[Haskell-cafe] Looking for suggestions to improve my algorithm

[David Frey]

Hello Haskellers,

I have been trying to learn a bit about Haskell by solving Project Euler
problems.  For those of you who don't know what Project Euler is, see
http://projecteuler.net

After solving problem 21, which is related to amicable pairs, I decided
to attempt problem 95 since it is an extension of the same topic.

The full description of problem 95 is here:
http://projecteuler.net/index.php?section=problems&id=95

This is the summary:
"Find the smallest member of the longest amicable chain with no element
exceeding one million."

I have attempted to solve this problem, but my solution is too resource
hungry to search the full set of 1000000 numbers.

I am hoping someone reading this list can suggest :
 - How I can improve my algorithm
 - An alternative algorithm that will be more efficient
 - Ways to profile a Haskell program to help me understand why my
   implementation is performing poorly.

In addition to the question above, I would also be interested in
comments on the style of the code.  If there is a more idiomatic way to
write portions of the code, I would like to see what it is.

My solution is at the bottom of this e-mail.  The program will probably
run obscenely slow  or die from stack overflow unless you replace
[1..999999] with [1..somethingSmaller]  in main.

Thanks,
David Frey



--- BEGIN Main.hs ---
module Main where

import ProjectEuler (takeUntil, divisors)
import qualified Data.Map as M
import qualified Data.IntSet as I

main = let initialContext = Context (I.fromList []) 0 0 in
    print $ cycleStart $ foldl checkForChain initialContext [1..999999]


{- Idea:
* Put all the numbers that have been visited into a map regardless of
whether
  they are a part of a chain or not.
* Store the min element in the cycle and the number of elements in the
cycle
* As you process, from 1->n if the stopping conditions for a sumOfDivisors
  result are:
   * has already been seen before
   * number is less than the start of this chain attempt
   * >= 1,000,000
-}

data Context = Context {seenNum::I.IntSet, cycleStart::Int,
cycleLength::Int}

hasBeenSeen :: Int -> Context -> Bool
hasBeenSeen n context = I.member n (seenNum context)

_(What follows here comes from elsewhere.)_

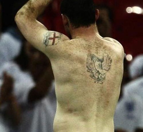 鲁尼虽然阿在球场上很凶悍,可是在生活中,他是一个好父亲,而且也想通过纹身来表达自己的意愿。在他的后背上,纹有一对合十的手,下面则有一对天使之翼,包围着Kai的名字。英国媒体披露,这是鲁尼献给儿子凯伊的礼物,寓意是为他祈祷祈福。此外,鲁尼的纹身带有大量爱国主义色彩,其中左臂上的圣乔治旗最具代表意义。
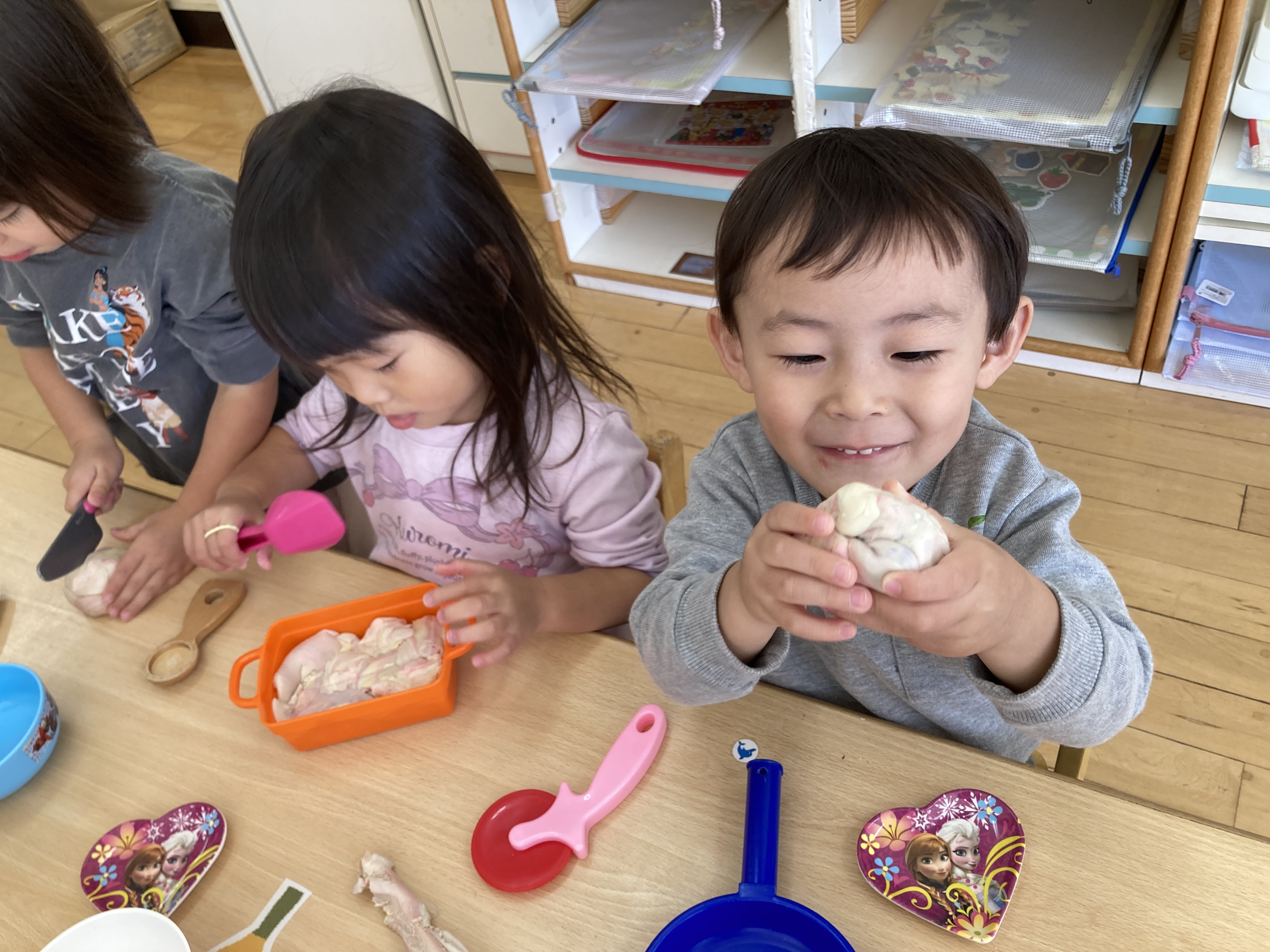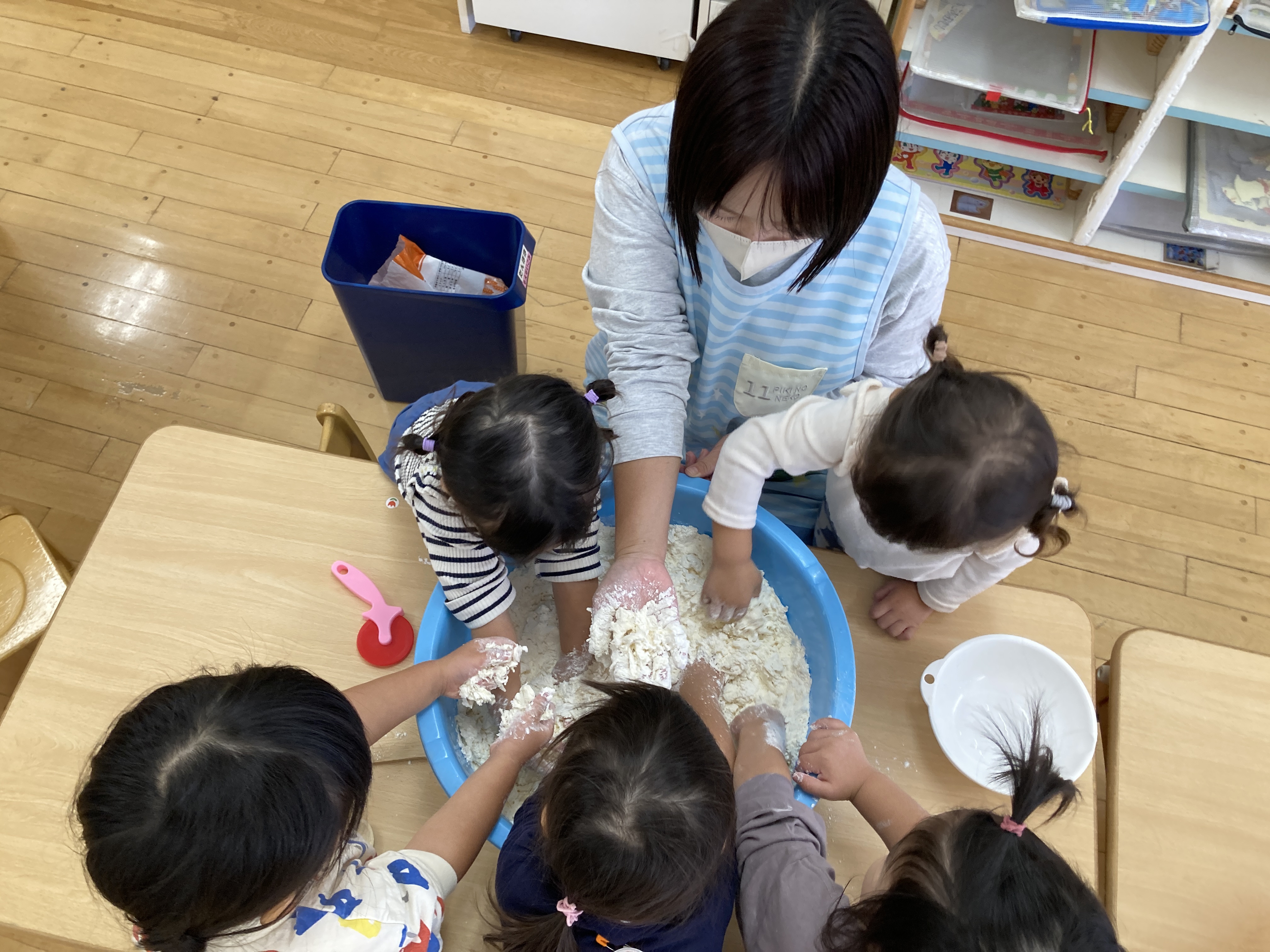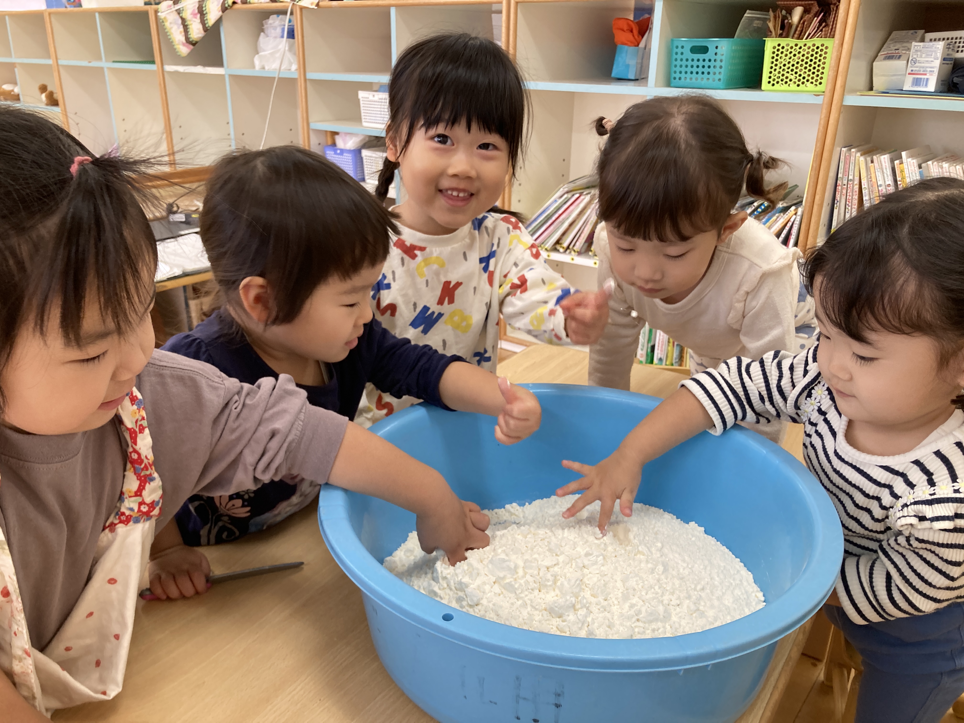 2歳児クラスも、小麦粉粘土遊びを楽しみました!

markSeen :: Int -> Context -> Context
markSeen n context = context { seenNum = (I.insert n (seenNum context)) }


deleteFromSeen :: Int -> Context -> Context
deleteFromSeen n context = context { seenNum = (I.delete n (seenNum
context)) }


{-
 - Examines the context to see if the input has potential to be a chain
or not
 - based on whether the input number has been visited before.  If it
could be a
 - chain, an attempt is made to build the chain.
 -}
checkForChain :: Context -> Int -> Context
checkForChain context n =
    if hasBeenSeen n context
        then deleteFromSeen n context
        else buildChain context (sum $ divisors n) n [n]


{-
 - Builds a chain until ones of the 3 stopping conditions are met or a
chain is
 - found.  If a chain is found the context will be updated with the new
chain if
 - it is the longest.
 -
 - Stopping Conditions:
 -  * Number has already been seen before
 -  * Number is less than the start of this chain attempt
 -  * Number >= 1,000,000
 -}
buildChain :: Context -> Int -> Int -> [Int] -> Context
buildChain context candidate first cycleList =
    if elem candidate cycleList
        then foundChain (takeUntil ((==) candidate) cycleList) context
        else if candidate < first ||
                candidate >= 1000000 ||
                hasBeenSeen candidate context
            then context
            else buildChain (markSeen candidate context)
                            (sum $ divisors candidate)
                            first
                            (candidate : cycleList)


{-
 - Updates the context with the new longest chain and the start value if
the
 - chain input parameter is longer than the one currently in the context.
 -}
foundChain :: [Int] -> Context -> Context
foundChain ls context = let
    l = length ls
    m = minimum ls in
    if l > (cycleLength context)
        then context { cycleLength = l, cycleStart = m }
        else if l == (cycleLength context)
            then let m = minimum ls in
                if m < (cycleStart context)
                    then context { cycleStart = m }
                    else context
            else context
--- END Main.hs ---


I put a bunch of common functions in ProjectEuler.hs.  Here are the
relevant functions for this problem:

{-
 - Gets all of the proper divisors of a number.  That is all divisors
starting
 - from 1, but not including itself.
 -}
divisors :: (Integral a) => a -> [a]
divisors n = let
    p1 = [x | x <- [1 .. floor $ sqrt $ fromIntegral n], n `mod` x == 0]
    p2 = map (div n) (tail p1)
    in p1 `concatNoDupe` (reverse p2) where
        {-
         - Concatenate two lists.  If the last element in the first list
and the
         - first element in the second list are ==, produce only the
value from
         - the first list in the output.
         -}
        concatNoDupe :: (Eq a) => [a] -> [a] -> [a]
        concatNoDupe [] ys = ys
        concatNoDupe [x] (y:ys) = if x == y then (y : ys) else (x : y :
ys)
        concatNoDupe (x:xs) ys = x : (concatNoDupe xs ys)


{-
 - Similar to takeWhile, but also takes the first element that fails the
 - predicate.
 -}
takeUntil :: (a -> Bool) -> [a] -> [a]
takeUntil pred (x:xs) = (x : if pred x then [] else takeUntil pred xs)
takeUntil _ [] = []